As mudanças nas relações econômicas e de previdência também irão alterar o padrão de consumo no Brasil nos próximos anos.
Nos últimos dois anos, o Brasil passou por grandes transformações econômicas que ainda irão gerar efeitos por um bom tempo. E olha que não estamos falando (somente) da crise. Claro, a recessão que teve início em 2016 acelerou as mudanças na forma com que o país regula as relações de trabalho, de capitais e, mais recentemente, as de previdência. E muito das decisões tomadas recentemente estão influenciando, para o bem ou não, na tentativa de se retomar o consumo, e de fazer com que o Produto Interno Bruto (PIB) brasileiro volte a crescer consistentemente.
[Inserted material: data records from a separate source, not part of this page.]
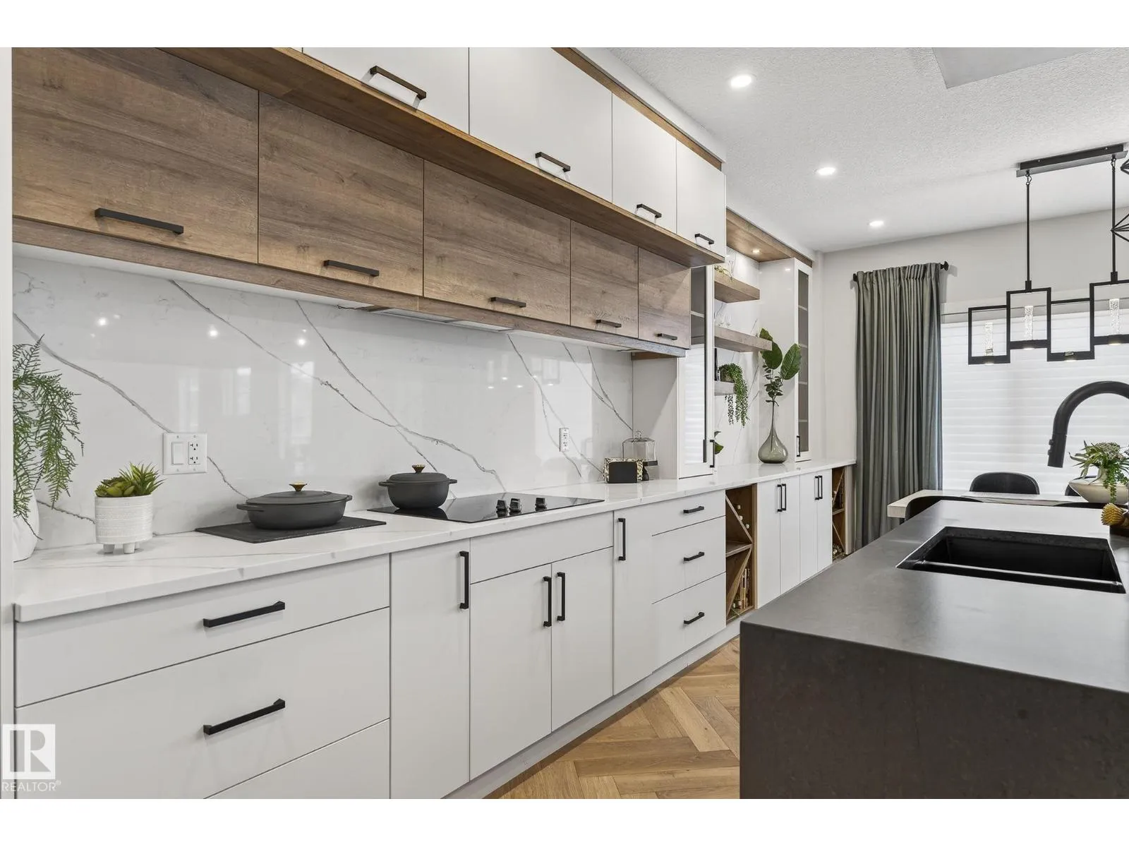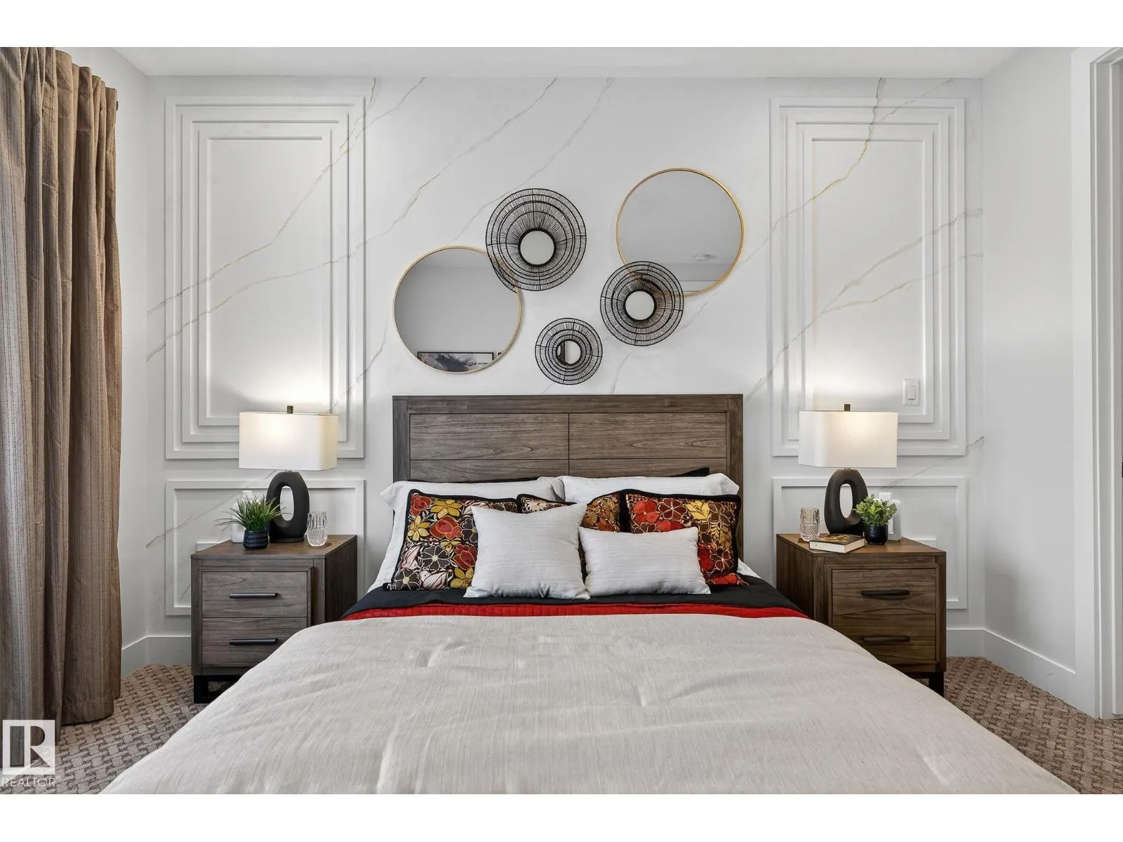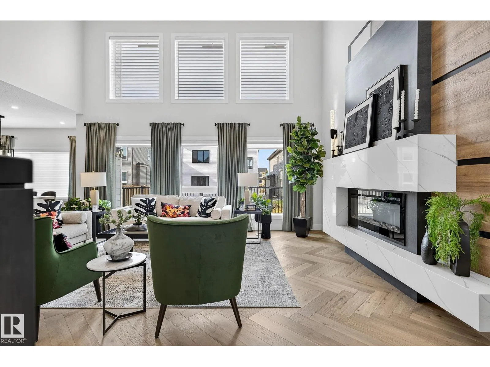 The wait is over â our upgraded show home by Lyonsdale Homes in the sought-after Marquis community is now available! From the moment you step inside, this home impresses with elegant design, premium finishes, and exceptional craftsmanship. Soaring main-floor ceilings create an open, airy feel, showcasing just under 2,700 sq. ft. of thoughtfully designed living space. Quartz detailing around the fireplace adds a striking focal point, while the chef-inspired kitchen features Quartz countertops, a built-in oven, electric cooktop, and a spice kitchen with gas range. With 4 spacious bedrooms and 4 full bathrooms, including two master bedroomsâone with a stunning tiled feature wallâthis home blends luxury and comfort. Air conditioning and all furniture are included, making it truly move-in ready. The oversized triple garage and side basement access provide flexibility, while durable Hardie Board siding and a fully landscaped yard add lasting appeal. (id:27476)
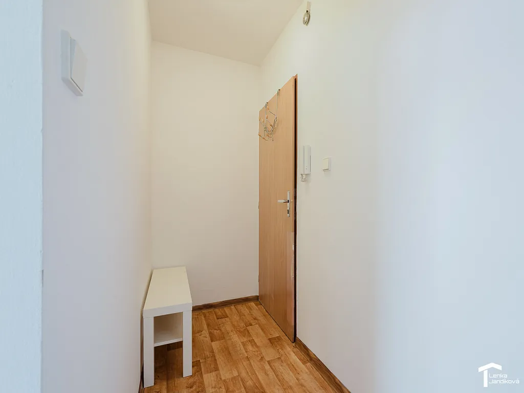 Kuchyňský kout je oddělený od pokoje a je v něm osazena kuchyňská linka a volně stojící sporák. V pokoji je k dispozici šatní skříň. Koupelna je spojená s WC a je zde umístěný sprchový kout. K bytu náleží balkón, který je orientovaný do vnitrobloku domu.
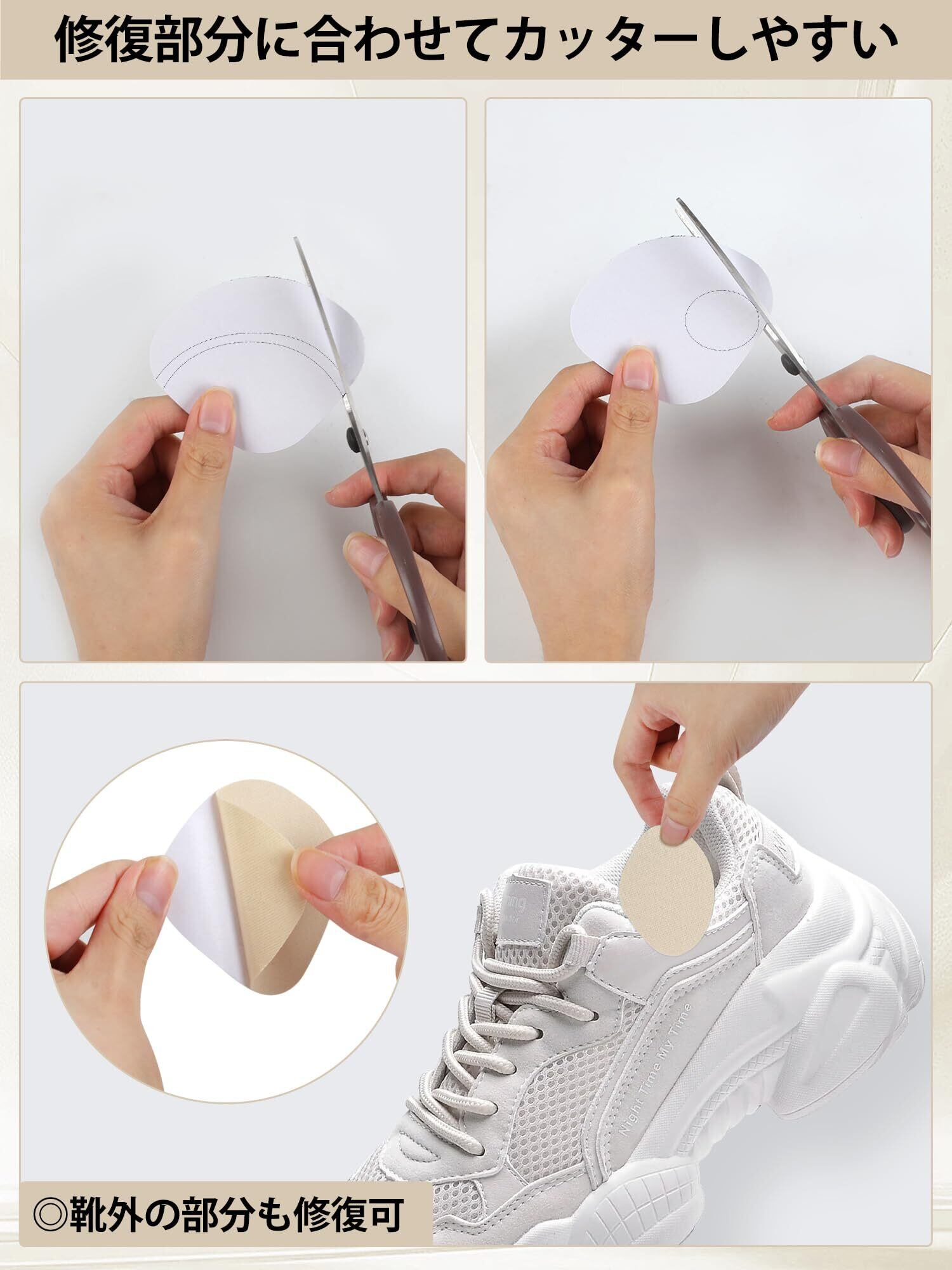【多彩なカラーでおしゃれに演出】: 黒、白、グレー、ベージュの4色が揃っているため、どんな靴にもマッチします。カラーを選ぶことで、おしゃれな見た目を維持しながら補修ができるのが嬉しいポイント。パッチを使用することで、デザインのアクセントにもなり、靴のおしゃれ度をアップさせます!
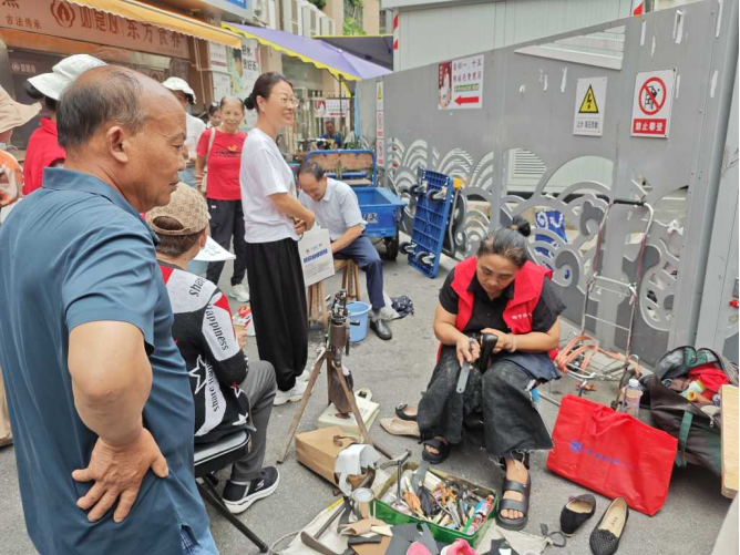 “我现在年纪大了,出门修鞋子腿脚不方便,今天社区开展这种服务真是太方便了!”在坳下社区便民服务活动现场,78岁的黄伯伯一边等候修鞋师傅,一边开心地说道。随着师傅熟练地修补,一双破洞的鞋子变得“完美”如初。旁边的磨刀摊位前也围着不少群众,大家说笑着,真切感受到社区的便民服务带来的便利。
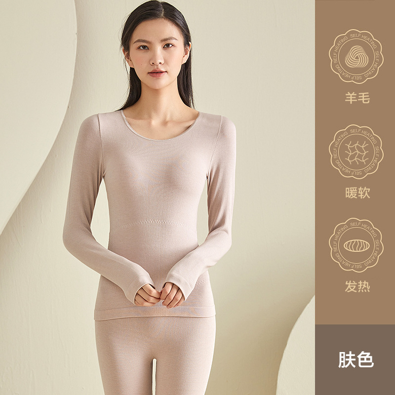 恒源祥保暖内衣女德绒发热美体紧身秋衣秋裤加厚羊毛贴片打底套装_676 均码 肤色
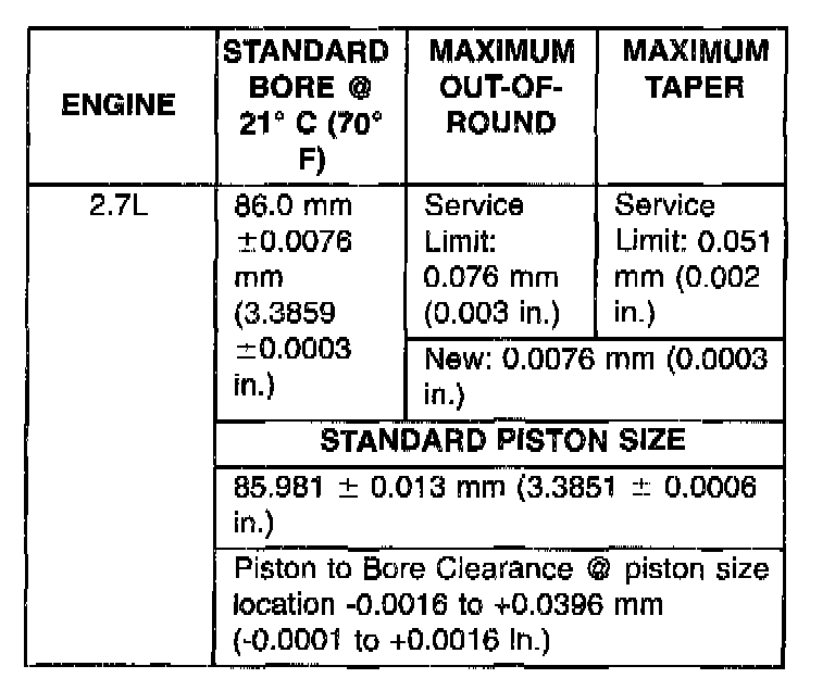 CYLINDER BORE AND PISTON SPECIFICATION CHART
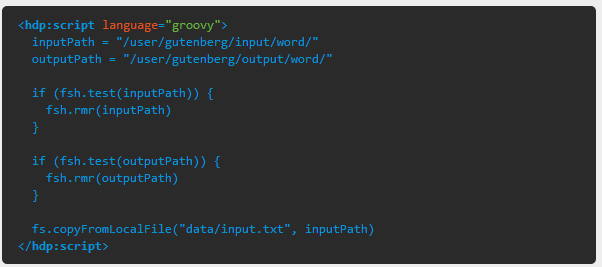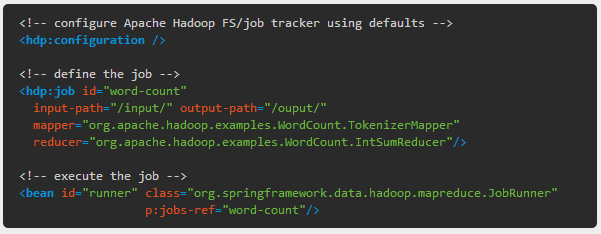 Veamos cómo quedaría el ejemplo de contado de palabras en Spring for Apache Hadoop
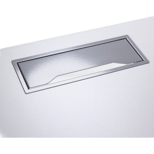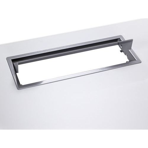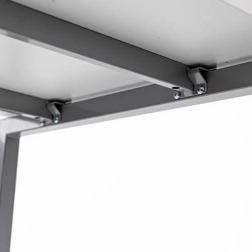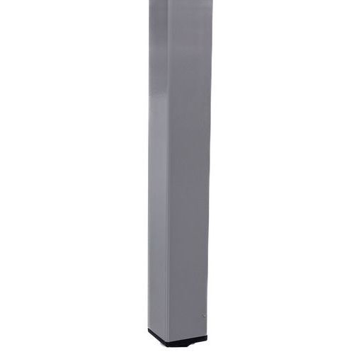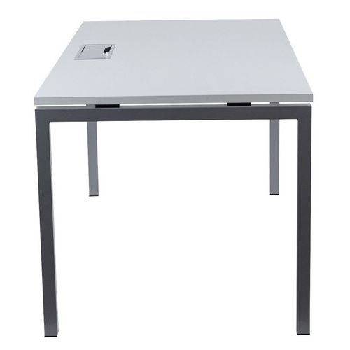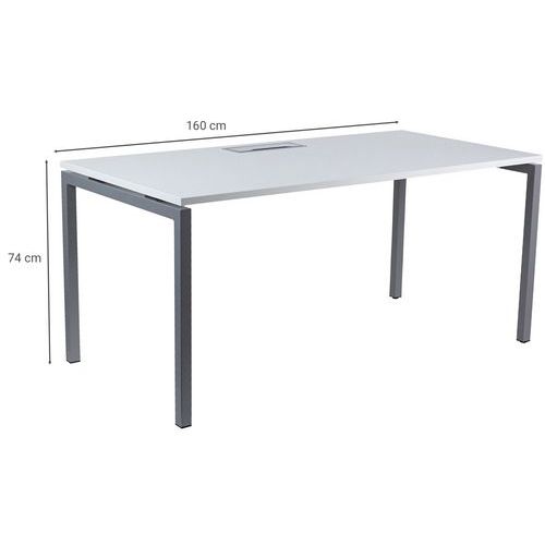Gerader Schreibtisch mit melaminbeschichteter Platte, Stärke 25 mm, und 2 mm starken ABS-Kanten. 2 Verstärkungstraversen aus Metallrohr, 40 x 20 mm. Konstruktion aus geraden Metallfüßen 40 x 40 mm mit Kunststofffüßen zum Nivellieren. Die Platte ist für ein einfaches Kabelmanagement mit einer Kabeldurchführung mit Klappe versehen.
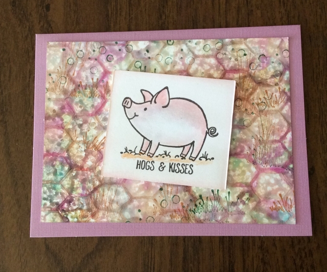 I don't think I've seen that alcohol ink and embossed technique. It's very cool! I like your choice of stamps in the background. Cute card! Thanks for playing!
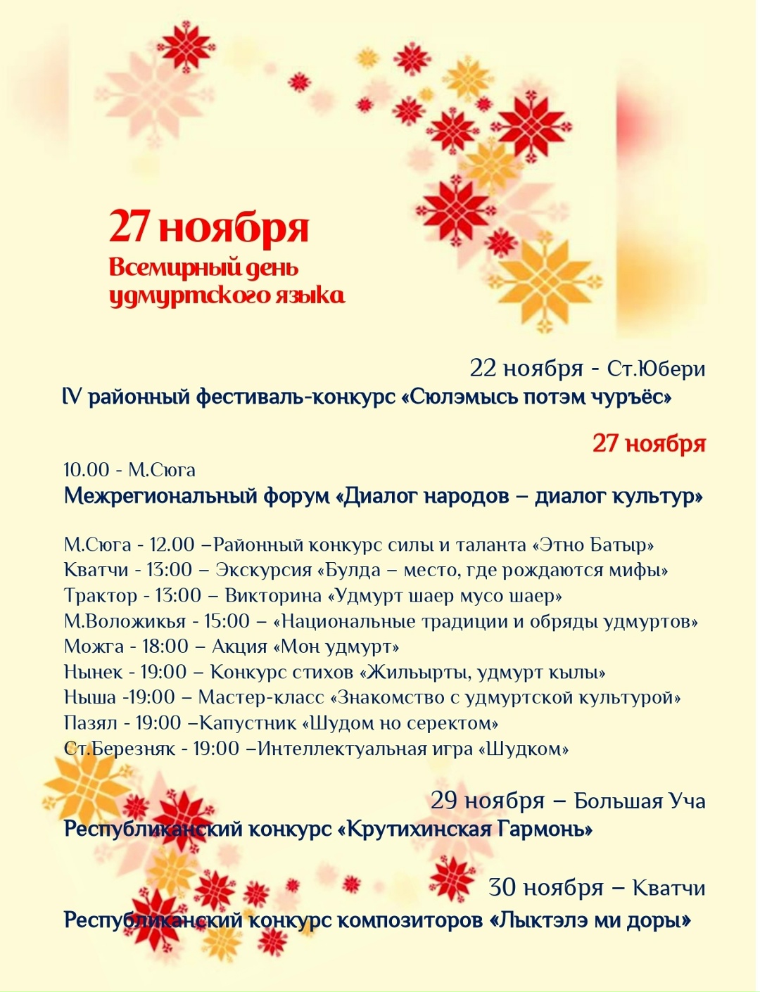 27 ноября - Всемирный день удмуртского языка!Клубные учреждения Можгинского района приглашают на тематические мероприятия.![]() |
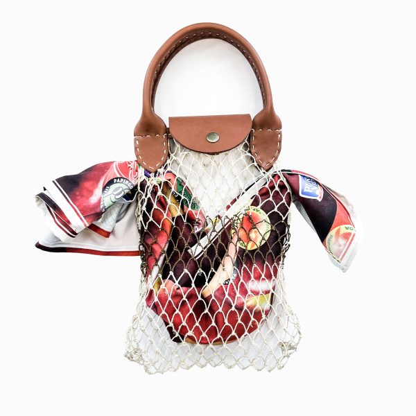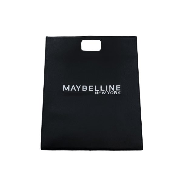 Cartera en forma de bolso de compra en colaboración con Maybelline New York, todo en cuero.
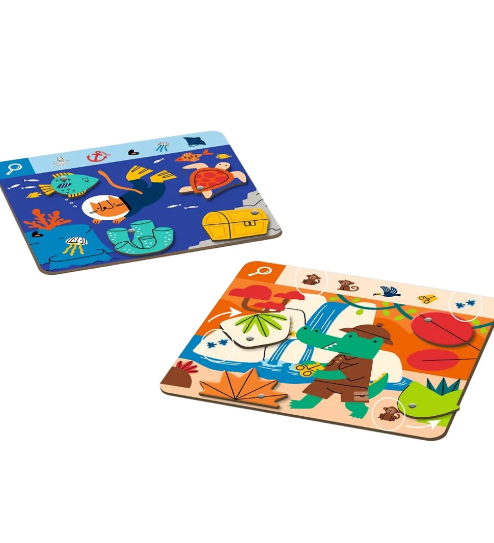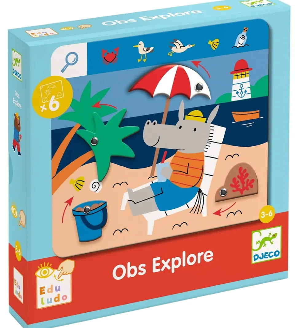Djeco spillet består af 6 kort med forskllige motiver i klare farver og med masser af detaljer. Her gælder det om at gøre sig umage med at finde de skjulte motiver bag brikkerne, som kan drejes til side.
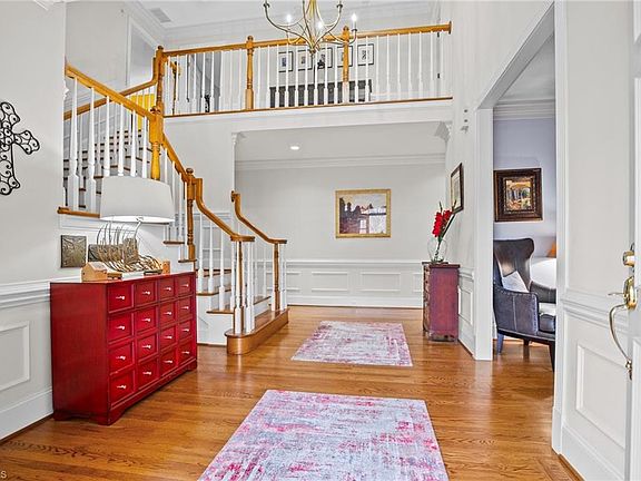 Rare Southern-style home nestled in prestigious cul-de-sac of custom homes. Stunning exterior features U-shaped drive, spacious lots and trees, and tree-lined street enhancing charm of area. Interior showcases craftsmen woodwork and striking staircase as centerpiece of foyer. With nearly 4,400 square feet, this home boasts large chef's kitchen; generous counter space; wet bar with two beverage coolers. Enjoy morning coffee in sunroom. Other highlights include dedicated office, flex space and cozy frog room for relaxing. Ample storage. Two patios overlooking expansive yard that transforms from bare winter look to lush park like setting come spring! Relax on extended covered front porch and wave to the friendly neighbors. Lovely neighbors and neighborhood!
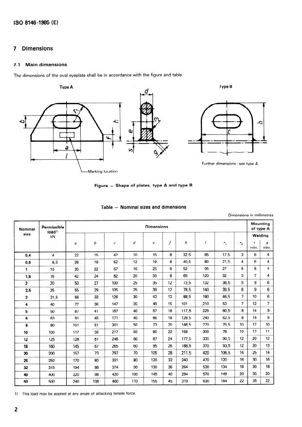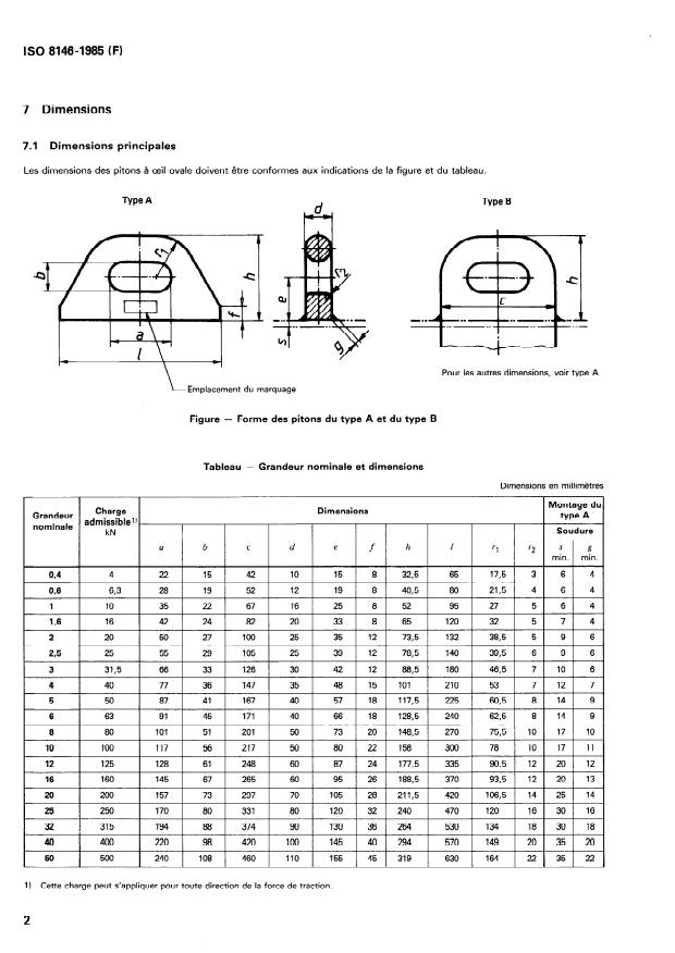 - The standard includes detailed figures and a dimension table (millimetres) correlating nominal sizes with main dimensions and permissible loads.
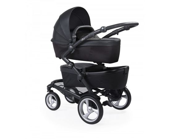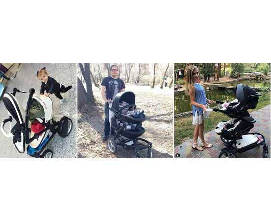 В этой коляске объединились два прогулочных блока и люльки, спрятанные в блоки. Чтобы превратить блок в люльку его достаточно расстегнуть молнию по периметру блока. На шасси можно установить два автокресла группы 0+. В любом месте эта компактная элегантная коляска будет привлекать себе внимание.
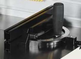 Позиционирование детали под углом Специальный упор перемещается по Т-образному пазу стола и позволяет располагать заготовку под углом. |

A grande questão é que algumas regras foram mudadas durante a crise, e a expectativa daqueles que atuam (e também os que torcem) pela recuperação, ainda segue o padrão com as regras antigas. Vejamos o caso de duas reportagens publicadas nesta edição, ambas na editoria de Economia. A Boa Vista SCPC, empresa que concentra grande parte dos registros de proteção ao crédito do Brasil, informou ao Correio do Estado que o índice de recuperação de crédito está em queda, assim como a inadimplência. A causa do primeiro, conforme será detalhado adiante, é que os endividados tem enfrentado dificuldades para pagar seus compromissos, e o motivo do segundo, é o reflexo da outra: quem não tem dívida, está pensando duas vezes antes de consumir - sobretudo à prazo - e ficar endividado novamente.
A segunda reportagem, mostra que tem aumentado a demanda de trabalhos executados por hora ou por dia, o que na nova legislação trabalhista é chamado de contrato de trabalho intermitente. Em um universo de grande desemprego, ainda que a remuneração desta modalidade de trabalho possa não alcançar a mesma do trabalho fixo, ela é importante porque trata-se de uma ocupação.
A mais recente das mudanças, que ainda precisa ser aprovada pelo Senado para ser promulgada, é a Proposta de Emenda Constitucional da Reforma da Previdência. Ela acompanha este mesmo dinamismo que passou a vigorar com a alteração em outras estruturas legislativas, e em sua essência, alivia a carga do governo sobre o pagamento de alguns benefícios sociais, e por outro, abre espaço para se repensar muitas contribuições previdenciárias que oneram a folha de pagamento dos trabalhos formais.
Por isso, com um compartilhamento maior dos riscos das atividades econômicas entre todos os setores e relações menos duradouras e perenes, como no trabalho intermitente, é natural que, aos poucos, o padrão de consumo no Brasil fique similar ao de outros países, como alguns europeus, Estados Unidos e México, por exemplo. Por lá, muitos trabalham por dia, por hora ou por ano, e costumam consumir - sobretudo no pequeno varejo - à vista, e não por meio de crediário ou compras parceladas. O termômetro do SCPC certamente, está captando esta mudança por aqui.